BANDA ACEH – Melalui lirik lagu yang jenaka Band lokal asal Aceh, Apache 13 menyajikan beragam keresahan yang dialami pemuda dalam sebuah karya musik. Lirik yang tergolong satir namun jenaka tersebut diilhami dari keresahan dan kegelisahan yang dialami kaum muda. Bahkan tak sedikit lirik tersebut diilhami pengalaman pribadi para personel.
Pendiri sekaligus vokalis Apache 13 Nazar Shah Alam saat ditemui portalsatu.com 12 Juni 2016 di Darusalam, Banda Aceh mengatakan bahwa lirik lagu yang mereka bawakan sengaja dibuat jenaka agar lebih mudah diserap semua kalangan khususnya kaum muda.
“Kita angkat sesuatu yang serius dengan cara kita sendiri yaitu dengan aroma jenaka. Jadi lebih enak didengar,” ucap Nazar.
Salah satu lirik yang ia ciptakan berdasarkan pengalaman pribadi adalah lagu 'Leumoh Aneuk Muda'. Dalam clip dan lirik tersebut Nazar ingin menceritakan bagaimana 'galau-nya' seorang mahasiswa tingkat akhir yang dihantui drop out karena tak selesai kuliah.
“Kalau cerita dalam lagu Leumoh Aneuk Muda itu memang kisah pribadi saya. Jadi, saya termasuk lama menyelesaikan sarjana dan itu jadi inspirasi dalam lagu itu,” ucap Nazar sembari tertawa.

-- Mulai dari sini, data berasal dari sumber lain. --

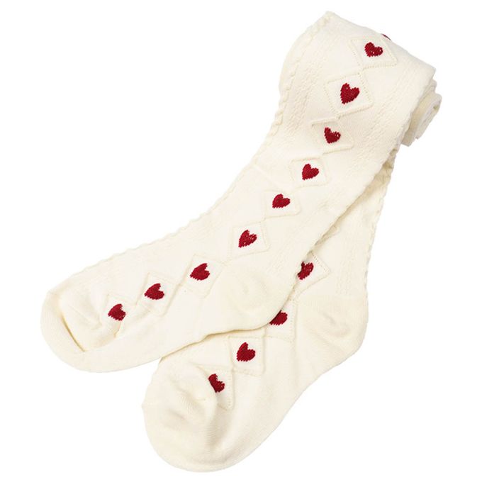 akachan honpo - 褲襪-菱形花紋 愛心-米白色

Pria yang sekarang merintis usaha desain kreatif ini mengaku bahwa Band Apache 13 lahir pada tahun 2013 silam. Bersama rekan-rekannya ia mulai menjadikan hobi bermusik tersebut masuk ranah industri. Band lokal itu pun sudah beberapa kali tampil di layar kaca dan acara live lainnya.

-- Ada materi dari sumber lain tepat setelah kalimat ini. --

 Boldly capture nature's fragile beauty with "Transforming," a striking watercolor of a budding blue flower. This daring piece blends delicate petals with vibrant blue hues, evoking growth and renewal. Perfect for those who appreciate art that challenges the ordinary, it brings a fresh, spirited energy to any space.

Nama Apache sendiri diambil dari suku Indian di Amerika yang terkenal susah tunduk dan memiliki jalan sendiri untuk hidup. Sifat keras tersebut pun mengilhami personel Apache untuk menamakan grup musik tersebut dengan nama yang demikian.
“Kamoe nyoe batat, lage suku Apache di Amerika. Sampoe ngon uroe nyoe Apache han tom tunduk ke Amerika. Meunan cit kamoe yang batat nyoe,” ucapnya.
Meski baru berumur 3 tahun sejak berdiri 2013 silam, lagu karya Apache 13 sudah tak asing di telinga masyarakat. Bahkan beberapa hits mereka seperti Leumoh Aneul Muda dan Mona telah diunduh dan ditonton banyak orang baik di situs jejaring sosial maupun situs youtube. Namun, itu masih berupa rekaman di stasiun televisi dan bukan clip asli dari mereka.
Nazar juga menceritakan bahwa pihaknya sedang menggarap clip dan satu album untuk Apache13. Album tersebut direncanakan akan beredar setelah Idul Fitri nanti. “Akan kita cetak sekitar 5.000 keping,” kata dia.